Saturday, February 23, 2019

Discussion 5

Participate in a class discussion in which you begin by addressing the following issues/questions:

How is effective leadership an emotional process of regulating one's own anxiety?
How is the self differentiated leader equivalent to the emotional immune system of the organization?

How can emotional triangles impact your change efforts?

What does sabotage really indicate?

What are the crucial conversations you need to have to get the results you want?

Why do need a strategy to deal with conversations that have high stakes, strong emotions and differing opinions?
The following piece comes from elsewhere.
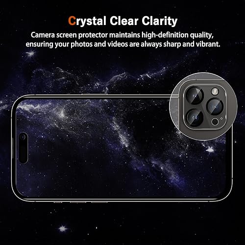 【Aggiorna doppia protezione e antiurto】: Pellicola protettiva per lo schermo e la protezione dell'obiettivo della fotocamera. Sono realizzati in vetro super antideflagrante 9H, che protegge la tua fotocamera da graffi e cadute nella massima misura. Allo stesso tempo, il rivestimento antiriflesso notturno è incorporato nell'obiettivo della fotocamera per mantenere la luminosità originale dello schermo o dell'immagine e non influirà sulla tua foto/Selfie.

Discuss how using the following crucial conversations process can help you in moving your change strategy forward:
  • Get unstuck
  • Start with the heart
  • Learn to look
  • Make it safe
  • Master my stories
  • STATE my path
  • Explore other paths
  • Move to action
  • What do you need to focus on more significantly in your change strategy - differentiated leadership or crucial conversations? Why?
  • Or, If you see that you want to work with both ideas which strategy have chosen to work with first and why?
Please remember the list of questions are for your benefit and are intended to help you focus your thinking. We are not asking nor expect you to answer each question in your discussion--rather you should use these questions to help focus on how the insights gained through this discussion will help you to add another component to your innovation plan.

My school has had a lot of changes in the last several years.  We usually don’t keep a principal
very long until this one. The “powers that be” are always adding and taking away things, new
programs, “must haves” etc.  People are not a fan of starting new things because they know it
probably won’t stick around long. The upper grades are very overwhelmed with all they have to
do to prepare for the STAAR.  I am glad that I am not in their shoes. Everyone wants to do what
is best for the kids, but go about it in a different way.


When people have mutual respect we can have a great conversations.  There are four stages in
the book.First, see/hear - we need to get the facts, tell story (in our own head).  Sometimes we carry around stories that are not true. We have to change the stories we tell ourselves and retrace your steps.  We have to take control of the stories. Next is feel, which is to get in touch with the emotions. Then, act which is notice the behaviors.  We need to share our opinion, not try to disguise it as a fact. We also need to encourage other to share their information, even if we might disagree with them.  When talking to the other teachers, I will make them feel valued and respect their thoughts and feelings in the process. I will need a plan of action for these conversations so things don’t get out of control or side-tracked.  Sabotage indicates a good leader according to the book.


Having conversations with other teachers can be tricky.  I don’t want to overload anyone with
something new, but I do want to share what I have learned and try to get others on board.  I
have to stay focused and ignore the whirlwind around me. “Don’t get triangled” as they said
in the video.  My grandma used to say, “Misery loves company.”  I try to stay clear of negative
energy. It is not good for my health.  

Patterson, K., Grenny, J., Switzler, A., & McMillan, R. (2012). Crucial conversations: Tools for
talking when the stakes are high. New York: McGraw-Hill.